The cost parameter encompasses multiple factors including infrastructure, training, and operating costs. Infrastructure costs represent the equipment costs. Training costs represent the expenses of training personnel (technologists/physicians/nurses) in order to perform the exam and interpret the results. Operating costs represent the expenses associated with the usage of the techniques (i.e., staff, electricity, etc.).

2.3.3. Patient Pain/Discomfort

Patient pain/discomfort represents the physical pain or amount of physical or mental discomfort a patient will experience during and following the procedure.

2.3.4. Accessibility

Accessibility represents how readily available the procedures are for citizens of different population areas. Everything from large hospitals in major urban areas to general physician offices in rural areas was considered.

2.3.5. Accuracy/Results

The accuracy/results specification describes the technologies’ abilities to produce valuable results when diagnosing back pain. The techniques were evaluated based on their ability to distinguish location and nature of specific alterations.

2.3.6. Risks

The risk consideration provides insight into the potential dangers that patients face. These dangers include those of the actual procedure as well as future risks.

2.3.7. Restrictions

The restrictions parameter helps quantify when each technique would be able to be used. This illustrates the limitations of each technique. Weight restrictions of operating tables are common to all techniques.

2.4. Rating Techniques

Following the definition of parameters, the techniques were rated. A design matrix was created to illustrate the techniques ratings. Techniques were rated as good, fair, or poor relative to each other. The design matrix was not weighted, as weighting would depend on the stakeholder. All monetary values are given in Canadian dollars.

3. Results

3.1. Techniques

The nine diagnostic technologies that were found through the literature review are classified in Table 2. Following is a description of each technique.

3.1.1. Discography

Discography assesses which disk is causing a patient pain. A radio-opaque dye is injected into the suspected disk(s) followed by an X-ray which examines the disk anatomy and any dye leaks [13]. This procedure may be followed by a CT scan, which is able to further detect internal disk disruptions.

3.1.2. Myelography

Myelography involves injection of a contrast material into the spinal column and records the motion of the contrast material with fluoroscopic imaging. The dye will be blocked or diverted if an abnormality is present [4, 5]. This procedure may be followed by a CT scan, which improves the diagnostic accuracy of the test.

3.1.3. SPECT

SPECT is a nuclear medicine technique used for bone scans of the spine. After the injection of a radioactive tracer, technetium-99m, gamma cameras detect the energy emitted by the tracer and use this information to create pictures which record the intensity and distribution of the tracer in the tissue [611]. The images provide an internal view of the body. This enables precise determination of a lesion [9, 12, 13].

3.1.4. CT Scan

CT scans use X-rays to produce multiple, cross-sectional images of the body. The images produce an internal view of the body. CT scans enable the structure of the vertebrae and the intervertebral disks to be accurately displayed. CT scans display the spine in multiple planes, with a three-dimensional imaging option available, on a computer screen [14].

3.1.5. SPECT and CT

Historically, functional and anatomical imaging techniques was done independently. Correlation of images from the different imaging techniques were done by side-by-side comparison [15]. Hardware fusion of certain techniques can overcome the inaccuracies resulting from this comparison, enabling software fusion of images [1517].

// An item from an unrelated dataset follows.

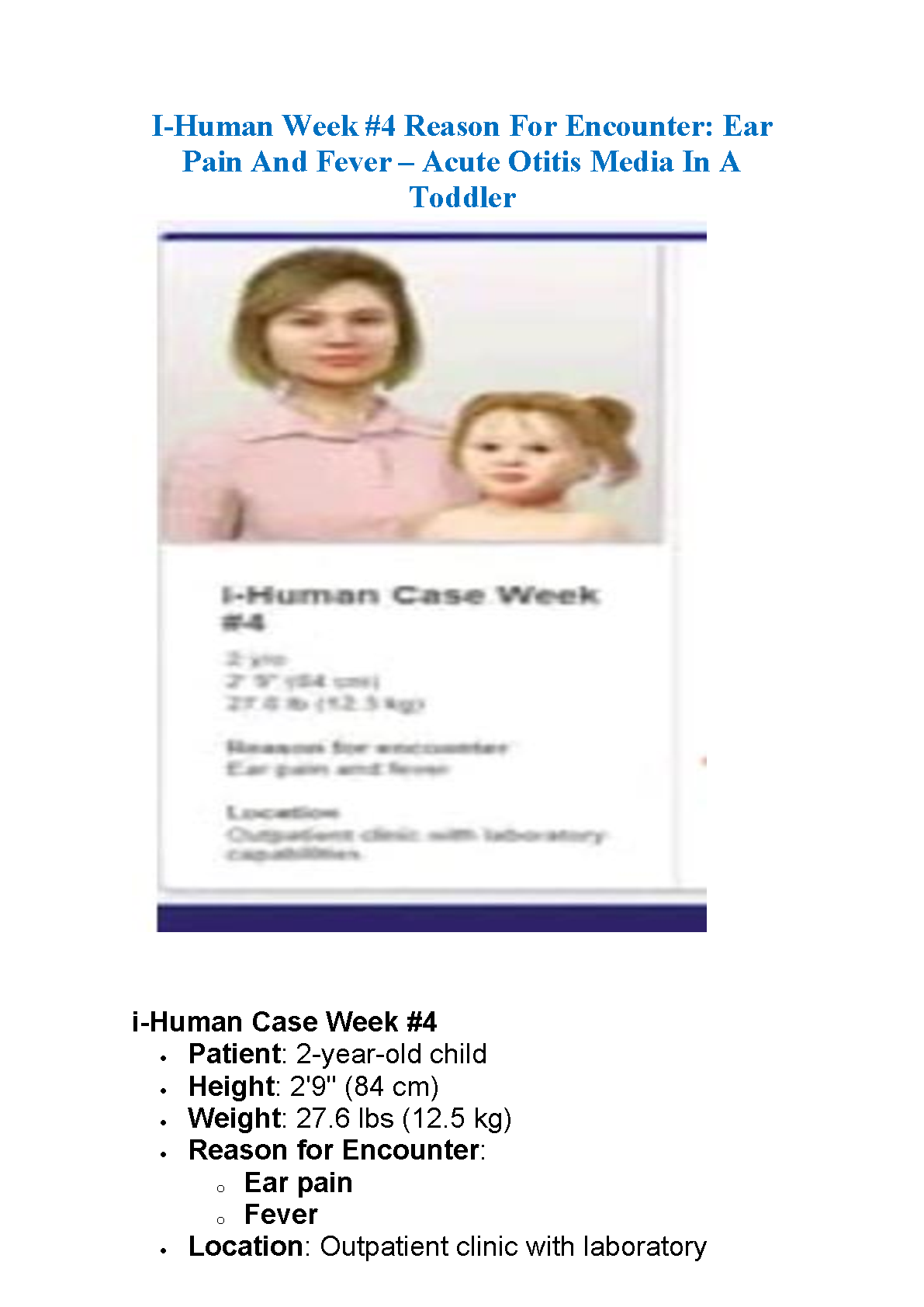 Struggling with the i-Human Week 4 simulation? This is the ultimate study guide for the case of a 2-year-old toddler with ear pain and fever due to Acute Otitis Media. Our comprehensive resource, fully updated for the 2025/2026 academic year, provides step-by-step solutions, key findings, and correct diagnoses. Master the case, enhance your clinical reasoning skills, and guarantee a top score on your first attempt, helping you avoid costly resits and stay on track in your nursing or medical program.
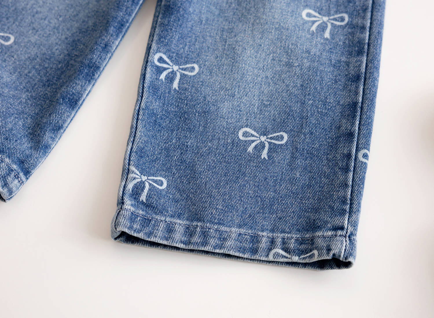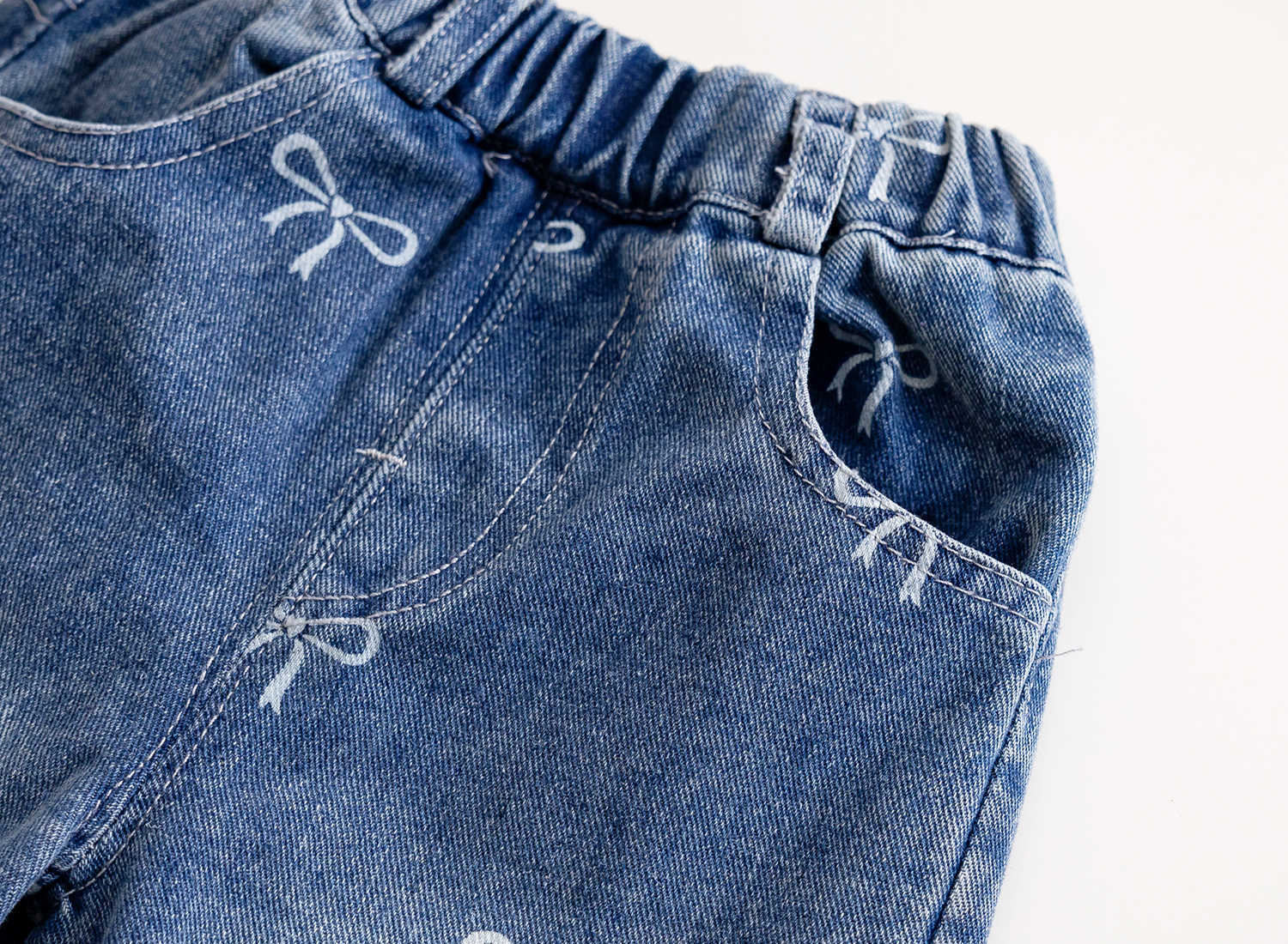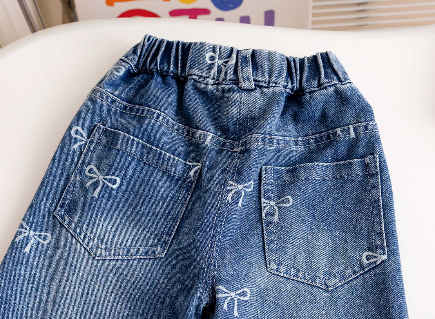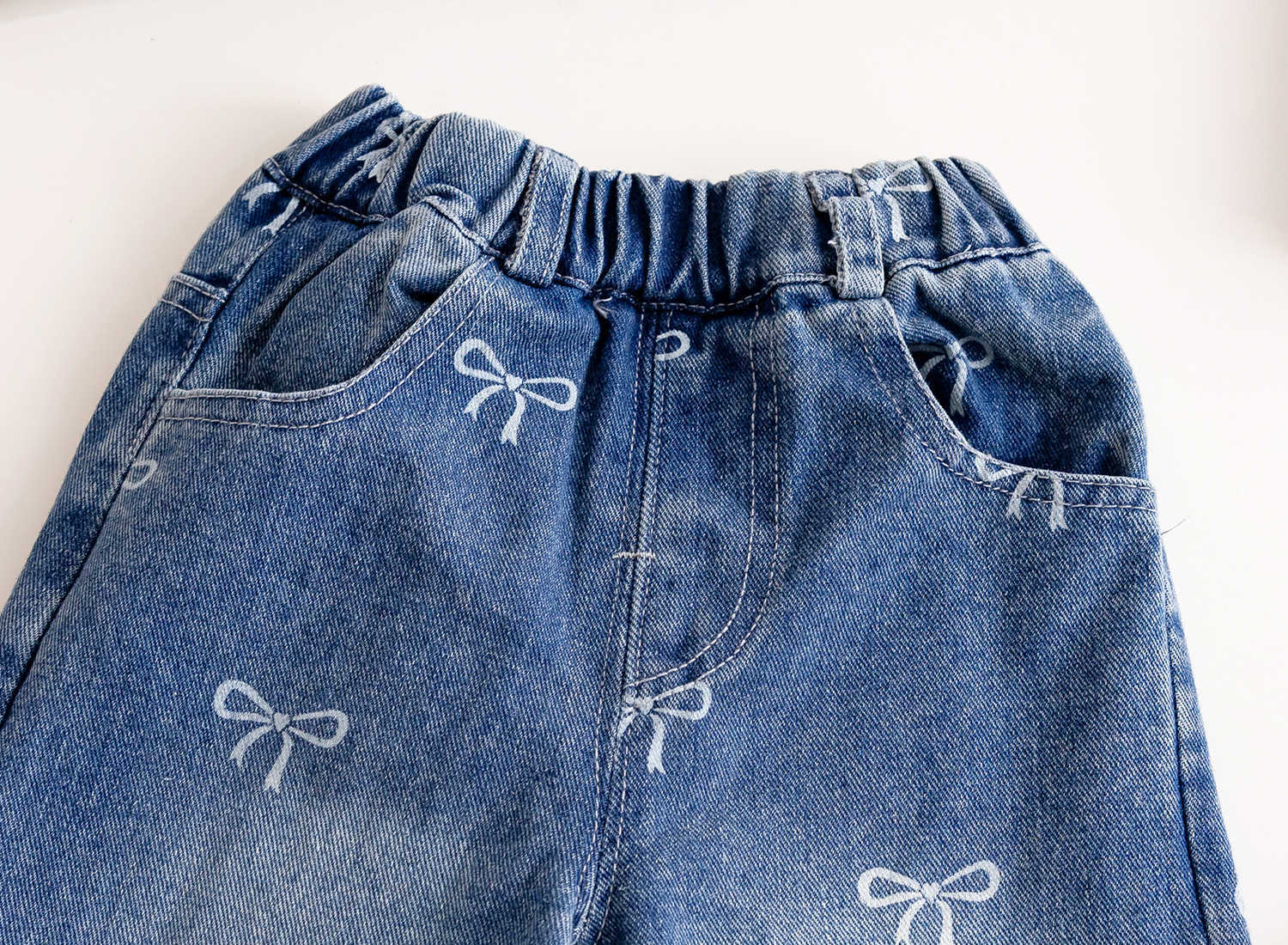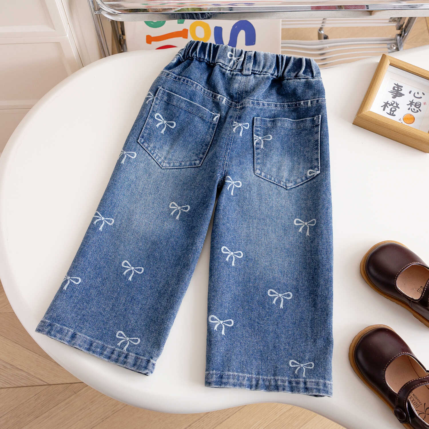 여아 리본 청바지 2025 가을 신작 한국식 외국 스타일 풀 프린트 다용도 루즈 팬츠 트렌디 스트레이트 청바지스토어 가기

The diagnostic accuracy of improved localization and definition of specific lesions, resulting from the hardware fusion of SPECT with CT, is well known [1517]. There is a software system being developed to validate the anatomical accuracy of this system [18]. A range of SPECT/CT scanners exist, commencing a from a low radiation dose four slice CT scanner being added on to a SPECT machine to a fully integrated SPECT and multidetector CT system [15, 19]. Essentially one test is performed directly after the other and the images are overlaid.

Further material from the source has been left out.